• HOW TO COMPLETE THIS TASK: With the pictures left aside, write out exactly the lines of the listing below from the line with "ഡബ്ലിൻ: കേരളാ മുസ്ലീം" to the line with "5月26日中午12:30,重", both included, and only those.

• EXCERPTED RECORDS:

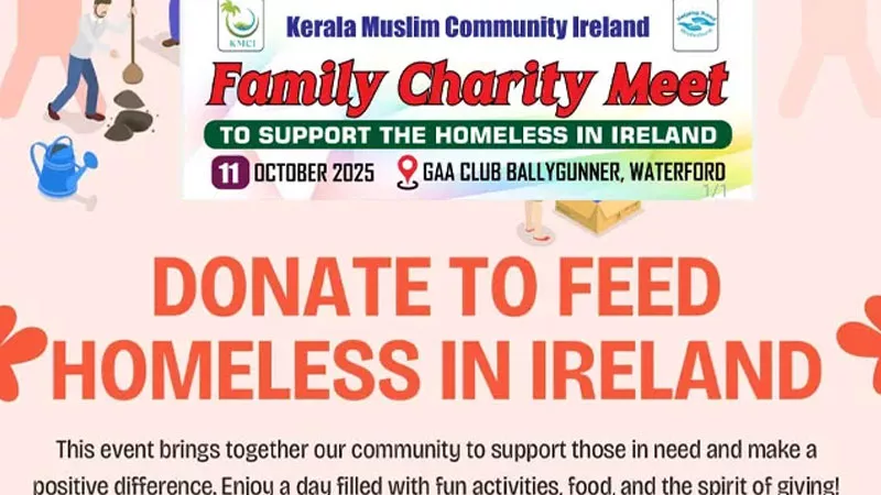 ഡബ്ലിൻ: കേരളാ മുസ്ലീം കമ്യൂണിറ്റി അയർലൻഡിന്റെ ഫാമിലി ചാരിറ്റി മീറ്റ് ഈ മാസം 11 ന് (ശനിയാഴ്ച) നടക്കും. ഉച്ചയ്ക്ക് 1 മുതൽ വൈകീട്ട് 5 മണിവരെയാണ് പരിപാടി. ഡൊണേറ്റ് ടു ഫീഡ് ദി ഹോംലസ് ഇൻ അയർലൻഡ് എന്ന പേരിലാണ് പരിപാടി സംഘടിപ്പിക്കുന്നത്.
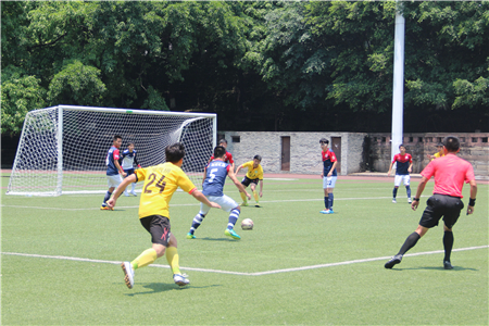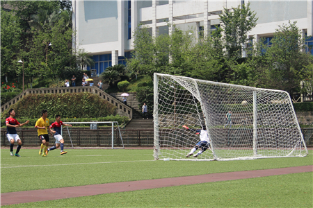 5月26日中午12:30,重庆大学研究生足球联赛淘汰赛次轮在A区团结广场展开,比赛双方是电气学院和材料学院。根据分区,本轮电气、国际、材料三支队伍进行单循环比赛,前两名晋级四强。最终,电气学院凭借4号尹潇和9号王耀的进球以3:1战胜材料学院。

--

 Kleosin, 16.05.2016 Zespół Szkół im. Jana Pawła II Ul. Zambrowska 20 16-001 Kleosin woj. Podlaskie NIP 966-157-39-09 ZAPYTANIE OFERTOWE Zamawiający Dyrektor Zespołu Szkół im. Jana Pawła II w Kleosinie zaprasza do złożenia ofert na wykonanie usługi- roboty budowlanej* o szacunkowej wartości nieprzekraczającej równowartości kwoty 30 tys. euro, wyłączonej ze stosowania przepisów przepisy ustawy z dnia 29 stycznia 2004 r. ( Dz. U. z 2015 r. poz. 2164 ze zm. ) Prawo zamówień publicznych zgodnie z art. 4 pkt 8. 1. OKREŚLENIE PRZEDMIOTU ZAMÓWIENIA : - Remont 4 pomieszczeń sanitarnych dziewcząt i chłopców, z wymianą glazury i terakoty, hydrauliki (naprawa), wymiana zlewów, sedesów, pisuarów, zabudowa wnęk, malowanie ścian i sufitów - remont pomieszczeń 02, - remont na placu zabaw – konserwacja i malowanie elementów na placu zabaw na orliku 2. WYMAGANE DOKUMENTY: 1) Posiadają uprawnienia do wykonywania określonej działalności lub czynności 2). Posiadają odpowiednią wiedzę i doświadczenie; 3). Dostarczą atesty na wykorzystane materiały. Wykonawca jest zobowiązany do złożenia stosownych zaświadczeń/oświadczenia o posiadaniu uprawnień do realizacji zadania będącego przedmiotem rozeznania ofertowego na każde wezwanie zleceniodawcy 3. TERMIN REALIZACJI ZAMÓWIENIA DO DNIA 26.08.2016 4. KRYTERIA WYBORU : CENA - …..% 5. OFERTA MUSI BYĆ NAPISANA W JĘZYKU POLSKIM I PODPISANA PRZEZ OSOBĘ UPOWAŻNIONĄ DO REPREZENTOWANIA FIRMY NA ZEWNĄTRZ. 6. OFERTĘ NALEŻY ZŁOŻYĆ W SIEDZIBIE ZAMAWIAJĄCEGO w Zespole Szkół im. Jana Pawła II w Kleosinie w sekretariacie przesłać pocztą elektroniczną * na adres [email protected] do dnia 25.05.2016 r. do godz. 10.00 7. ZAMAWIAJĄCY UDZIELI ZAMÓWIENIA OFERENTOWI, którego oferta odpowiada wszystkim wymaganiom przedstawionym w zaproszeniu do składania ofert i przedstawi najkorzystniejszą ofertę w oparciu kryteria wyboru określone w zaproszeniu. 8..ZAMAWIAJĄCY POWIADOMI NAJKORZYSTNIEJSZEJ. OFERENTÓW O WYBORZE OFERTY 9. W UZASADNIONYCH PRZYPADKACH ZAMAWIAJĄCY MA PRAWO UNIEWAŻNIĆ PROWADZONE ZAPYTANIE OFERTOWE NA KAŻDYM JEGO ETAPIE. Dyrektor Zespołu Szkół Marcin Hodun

* * *

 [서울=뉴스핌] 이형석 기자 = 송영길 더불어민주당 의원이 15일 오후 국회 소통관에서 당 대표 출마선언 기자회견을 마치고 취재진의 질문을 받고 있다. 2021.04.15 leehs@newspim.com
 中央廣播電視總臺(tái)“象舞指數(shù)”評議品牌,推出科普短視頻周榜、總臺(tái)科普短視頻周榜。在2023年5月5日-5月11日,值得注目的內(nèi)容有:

• COMPLETED EXERCISE:
 ഡബ്ലിൻ: കേരളാ മുസ്ലീം കമ്യൂണിറ്റി അയർലൻഡിന്റെ ഫാമിലി ചാരിറ്റി മീറ്റ് ഈ മാസം 11 ന് (ശനിയാഴ്ച) നടക്കും. ഉച്ചയ്ക്ക് 1 മുതൽ വൈകീട്ട് 5 മണിവരെയാണ് പരിപാടി. ഡൊണേറ്റ് ടു ഫീഡ് ദി ഹോംലസ് ഇൻ അയർലൻഡ് എന്ന പേരിലാണ് പരിപാടി സംഘടിപ്പിക്കുന്നത്.
 5月26日中午12:30,重庆大学研究生足球联赛淘汰赛次轮在A区团结广场展开,比赛双方是电气学院和材料学院。根据分区,本轮电气、国际、材料三支队伍进行单循环比赛,前两名晋级四强。最终,电气学院凭借4号尹潇和9号王耀的进球以3:1战胜材料学院。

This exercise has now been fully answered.